Chenxi Wang,Yifan Qiao,Haoran Ma,Shi Liu,Yiying Zhang,Wenguang Chen,Ravi Netravali,Miryung Kim,Guoqing Harry Xu
Abstract:Remote memory techniques for datacenter applications have recently gained a great deal of popularity. Existing remote memory techniques focus on the efficiency of a single application setting only. However, when multiple applications co-run on a remote-memory system, significant interference could occur, resulting in unexpected slowdowns even if the same amounts of physical resources are granted to each application. This slowdown stems from massive sharing in applications' swap data paths. Canvas is a redesigned swap system that fully isolates swap paths for remote-memory applications. Canvas allows each application to possess its dedicated swap partition, swap cache, prefetcher, and RDMA bandwidth. Swap isolation lays a foundation for adaptive optimization techniques based on each application's own access patterns and needs. We develop three such techniques: (1) adaptive swap entry allocation, (2) semantics-aware prefetching, and (3) two-dimensional RDMA scheduling. A thorough evaluation with a set of widely-deployed applications demonstrates that Canvas minimizes performance variation and dramatically reduces performance degradation.
Operating Systems,Distributed, Parallel, and Cluster Computing,Networking and Internet Architecture
What problem does this paper attempt to address?
The problem that this paper attempts to solve is the performance interference problem that occurs when multiple applications co - exist in a remote memory system. Specifically:
1. **Severe lock contention**: Current swapping systems, when multiple applications share swapping resources (such as swap partitions, RDMA, etc.), due to the need to frequently allocate swap entries, lead to severe lock contention, which reduces throughput and hinders the full utilization of RDMA bandwidth. For example, during frequent remote access windows, an application may spend up to 70% of its time obtaining swap entries.
2. **Uncontrolled use of swap resources** (e.g., RDMA bandwidth): Shared RDMA bandwidth is often dominated by applications with many threads that perform frequent remote accesses simultaneously. For example, aggressively (pre - )fetching pages to meet the needs of one application may disproportionately reduce the bandwidth usage of other applications. Moreover, even within an application, resource competition between pre - fetching and demand - swapping can lead to extended fault - handling times or pre - fetching delays, and pages cannot be brought back in a timely manner.

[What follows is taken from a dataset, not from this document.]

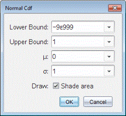 | 3. | Kirjoita kuvaajan parametrit Normaali Cdf -ohjattuun toimintoon. |

3. **Reduced pre - fetching efficiency**: Current kernel pre - fetchers are built based on low - level access patterns (such as sequential or strided), which are useful for applications that use arrays extensively. However, many cloud applications are written in high - level managed languages (such as Java or Python), and their accesses come from multiple threads or exhibit pointer - chasing behavior rather than sequential or strided patterns. Therefore, when multiple applications co - exist, this single pre - fetching strategy has difficulty working effectively. For example, running Spark and native applications together will reduce the pre - fetching contribution of Leap by 3.19 times.
To address these problems, the paper proposes Canvas, a redesigned swapping system that completely isolates the swapping paths by providing each application with a dedicated swap partition, swap cache, pre - fetcher, and RDMA bandwidth. Canvas also develops three adaptive optimization techniques: (1) adaptive swap entry allocation, (2) semantic - aware pre - fetching, and (3) two - dimensional RDMA scheduling. These techniques are optimized based on each application's own access patterns and requirements, thereby minimizing performance variation and significantly reducing performance degradation.